Results from five field experiments, designed to evaluate the response of several soybean cultivars to planting arrangement, and conducted at two locations in south-eastern Queensland during 1967–1972, are reported. Response to planting arrangement varied depending on cultivar maturity type, planting date, and availability of moisture during growth. Averaged over cultivars and planting arrangements, seed yields for irrigated soybeans were highest for December plantings, and declined as planting was delayed. A cultivar x planting date interaction was apparent. For December planting dates, yields of all cultivars were generally highest in 50.8 cm rows. A cultivar x plant population interaction occurred, with yields of the later-maturing cultivars maximized at lower plant population levels than for the earlier cultivars. When the planting date was delayed beyond December, yields of all cultivars were maximized in narrow row-high density treatments.
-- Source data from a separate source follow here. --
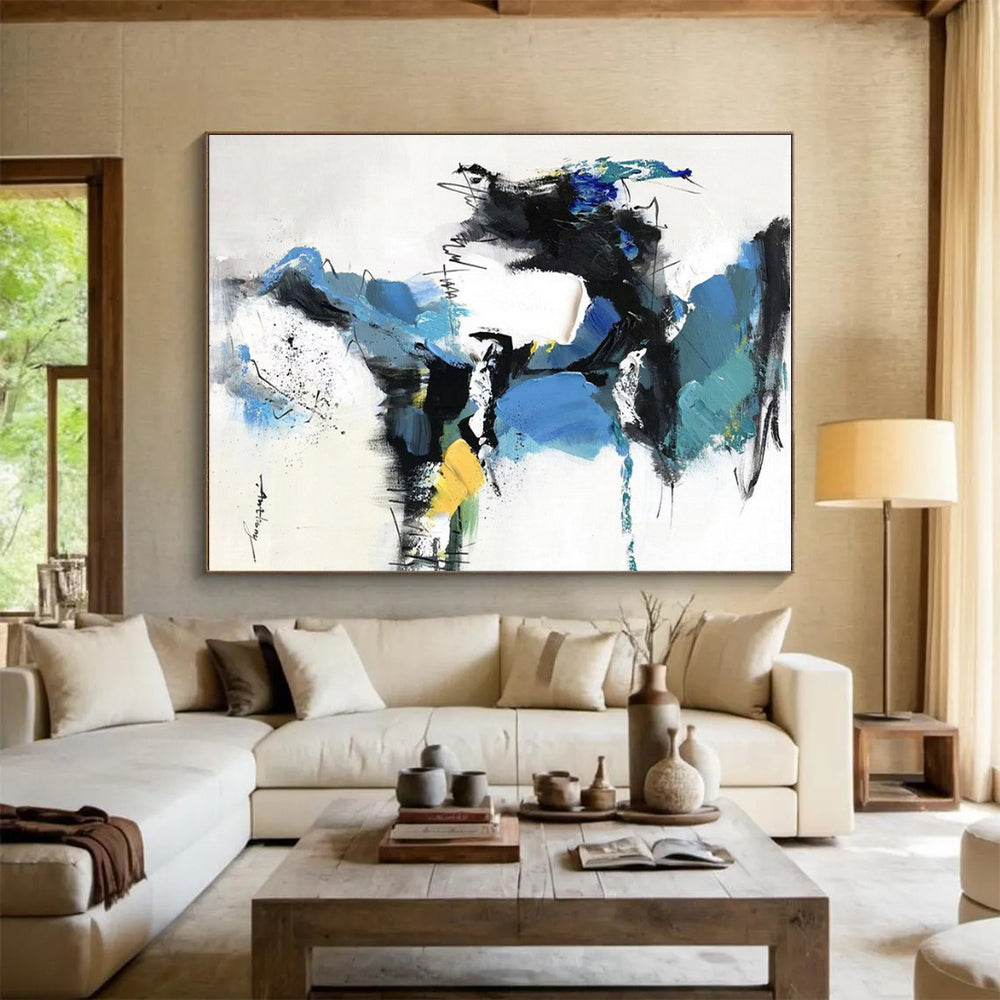 Inspired by the energy of bold colors, the artist mixed blues, blacks, whites, and pops of yellow on a large canvas, using expressive, free - flowing brushstrokes. They wanted to create a piece that grabs attention. In an art gallery, this artwork stands out as a modern, energetic work. In a vibrant retail space, it adds a lively, artistic touch, drawing customers in. The artist let their creativity flow, building up colors and textures spontaneously, ensuring the large size and bold design make a memorable impression. Packaging: Each artwork is professionally rolled and secured in a durable hard-shell tube for safe transit with a 2–3 inch white border around the painting for easy stretching or framing at your local shop. Delivery Timeline: Expect your painting within 7–12 business days including 3–5 days for handcrafting by our artists and 5–7 days for worldwide delivery via UPS or FedEx with a tracking number provided immediately upon shipping.
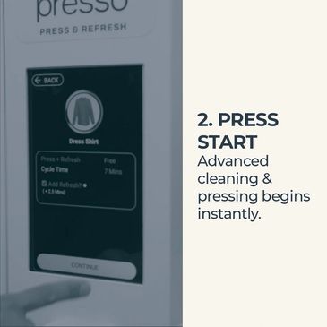Introducing Presso — the innovative system that refreshes garments in just 5 minutes while delivering 95% profit margins. Small enough to fit in just 15 square feet, yet powerful enough to transform your business.
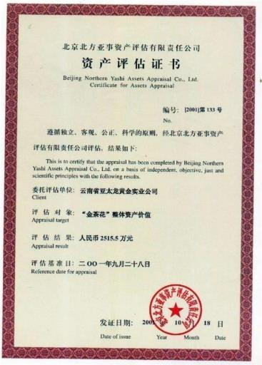 当年,该公司曾委托北京北方亚事资产评估有限责任对这棵名为“永不凋谢的金茶花”进行评估,评估结果为人民币2515.5万元。次年,云南省亚太龙黄金实业公司再次委托云南省第二公证处,对石林工行金茶花摄影部“永不凋谢的金茶花”进行证据保全公证。
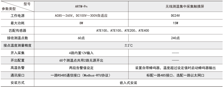 ARTM-Pn無線測(cè)溫裝置:ARTM-Pn無線測(cè)溫裝置可以單獨(dú)安裝在高壓柜、低壓抽屜柜內(nèi),每臺(tái)裝置可以接收18個(gè)傳感器的數(shù)據(jù),傳感器型號(hào)可選配ATE100、ATE200、ATE300。裝置帶有一路48...
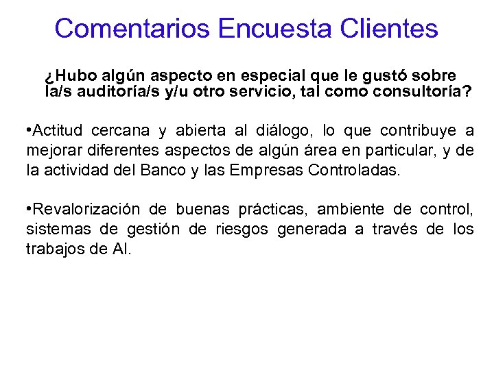 Comentarios Encuesta Clientes ¿Hubo algún aspecto en especial que le gustó sobre la/s auditoría/s y/u otro servicio, tal como consultoría? • Actitud cercana y abierta al diálogo, lo que contribuye a mejorar diferentes aspectos de algún área en particular, y de la actividad del Banco y las Empresas Controladas. • Revalorización de buenas prácticas, ambiente de control, sistemas de gestión de riesgos generada a través de los trabajos de AI.
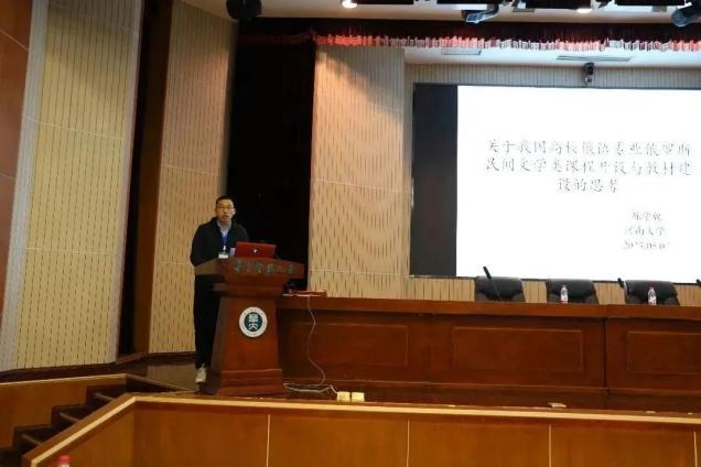 山东师范大学外国语leyu(中国)院长王卓以“‘人文英语系列教材’之《综合英语》的编写动机与教育理念”为题做主旨发言,认为《综合英语》课程应充分发挥其综合性、整体性功能,实现语言学习和知识体系建构、语言文学知识学习和跨文化能力、思辨能力培养融通结合的特点;以山东师范大学外国语leyu(中国)英语系《综合英语》课程的“混合式深度学习圈”( BDLCs) 创新教学为例,阐释新型教材的编写理念 、教材的有效使用等问题。广东工业大学外国语leyu(中国)院长潘震、哈尔滨工业大学外国语leyu(中国)院长李雪、河南师范大学外国语leyu(中国)院长刘国兵分别以“新时代外语学科区域国别研究及人才培养路径”、“新文科视域下理工类高校外语专业人才培养探索”和“课程思政:为何与何为——兼谈河南师大外语课程思政建设”为题进行了主旨发言,探讨了外语学科区域国别人才培养的目标与路径、“外语+”国际化人才培养模式以及大学外语课程思政建设策略与实施路径。
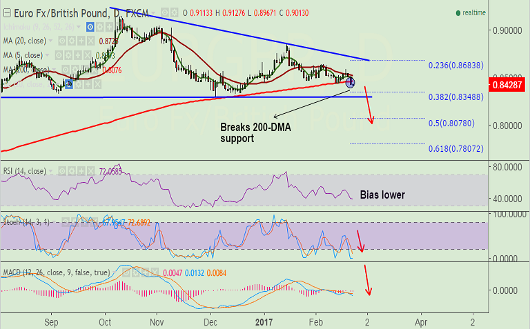- EUR/GBP trade which had been capped between 20 & 200 day MAs has shown a break below 200-DMA.
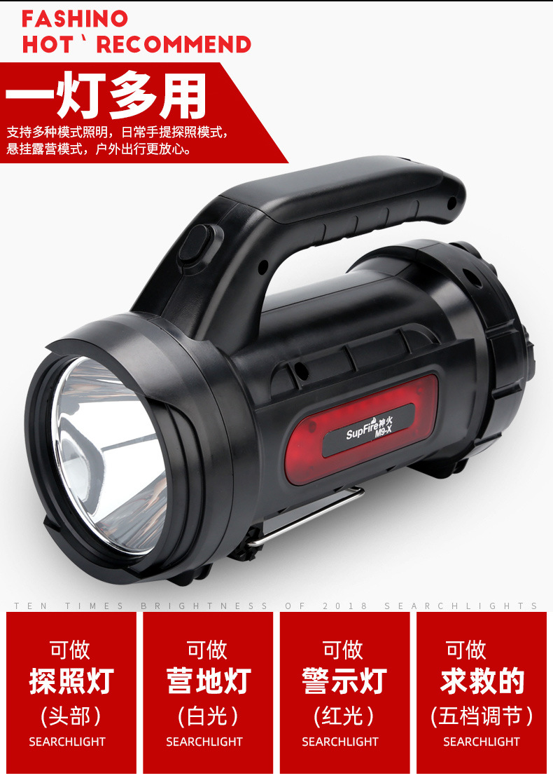 | 产品名称 | 手提探照灯led手提灯户外多功能巡逻灯手持强光灯充电防水应急灯 |
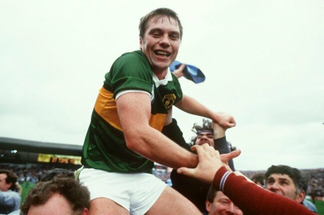Paidí O’Sé is lofted by Kerry supporters after the ’85 All-Ireland win. (©INPHO/Billy Stickland)

Yields of the narrow row-high density late plantings were equivalent to, and in the case of the late-maturing cultivars, greater than, the highest December yields. Wide row widths (101 .6 cm) were consistently lower-yielding, regardless of cultivar and planting date. Seed yields were reduced substantially by periods of severe moisture stress during growth. The relative performance of cultivars of differing phenology depended primarily on the coincidence of periods of severe stress with critical stages of development, viz. pod and seed development. In the environments involving periods of severe moisture stress, seed yields were maximized in row widths narrower than 50.8 cm, and at the lowest plant populations used (c. 95,000 plants per ha). Such treatments most closely approached low density-equidistant spacings in these studies.